(Exercise description):
There is material below. Print exactly the lines starting at the line with "Crafted from breathable" and ending at the line with "今回「口コミアカデミー」で公", ends included, and no others.

Start of Input data

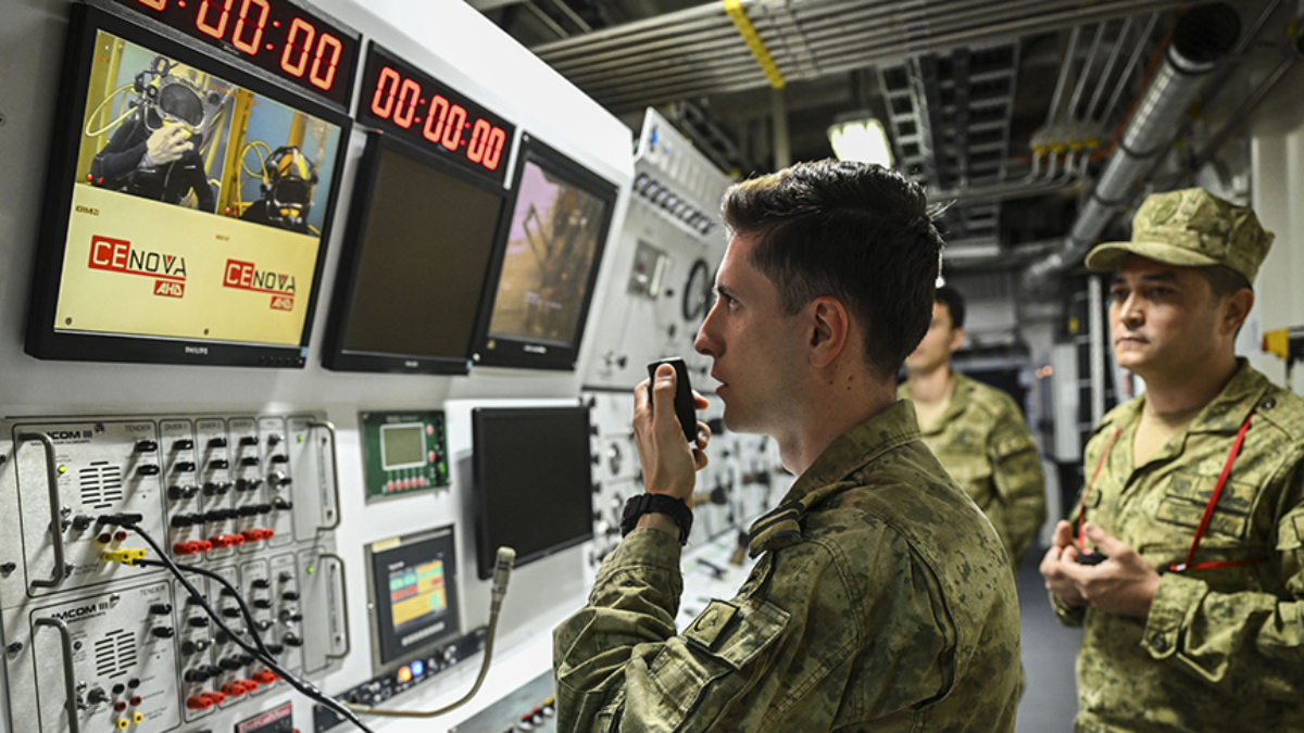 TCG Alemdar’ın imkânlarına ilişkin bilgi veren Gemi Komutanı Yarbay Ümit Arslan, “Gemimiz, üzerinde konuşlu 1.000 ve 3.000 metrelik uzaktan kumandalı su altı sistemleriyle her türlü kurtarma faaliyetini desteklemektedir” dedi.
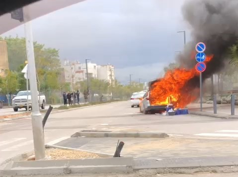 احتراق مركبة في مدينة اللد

End of Input data
Start of Input data

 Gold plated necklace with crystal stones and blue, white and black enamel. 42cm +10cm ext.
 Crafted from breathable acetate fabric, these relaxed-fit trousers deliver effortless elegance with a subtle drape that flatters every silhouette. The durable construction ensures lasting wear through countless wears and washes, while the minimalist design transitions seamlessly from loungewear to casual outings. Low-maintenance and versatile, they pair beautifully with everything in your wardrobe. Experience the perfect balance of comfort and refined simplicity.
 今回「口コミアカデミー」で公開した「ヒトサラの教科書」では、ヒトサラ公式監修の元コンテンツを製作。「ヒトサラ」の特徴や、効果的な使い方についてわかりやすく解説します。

End of Input data

(Reply):
 Crafted from breathable acetate fabric, these relaxed-fit trousers deliver effortless elegance with a subtle drape that flatters every silhouette. The durable construction ensures lasting wear through countless wears and washes, while the minimalist design transitions seamlessly from loungewear to casual outings. Low-maintenance and versatile, they pair beautifully with everything in your wardrobe. Experience the perfect balance of comfort and refined simplicity.
 今回「口コミアカデミー」で公開した「ヒトサラの教科書」では、ヒトサラ公式監修の元コンテンツを製作。「ヒトサラ」の特徴や、効果的な使い方についてわかりやすく解説します。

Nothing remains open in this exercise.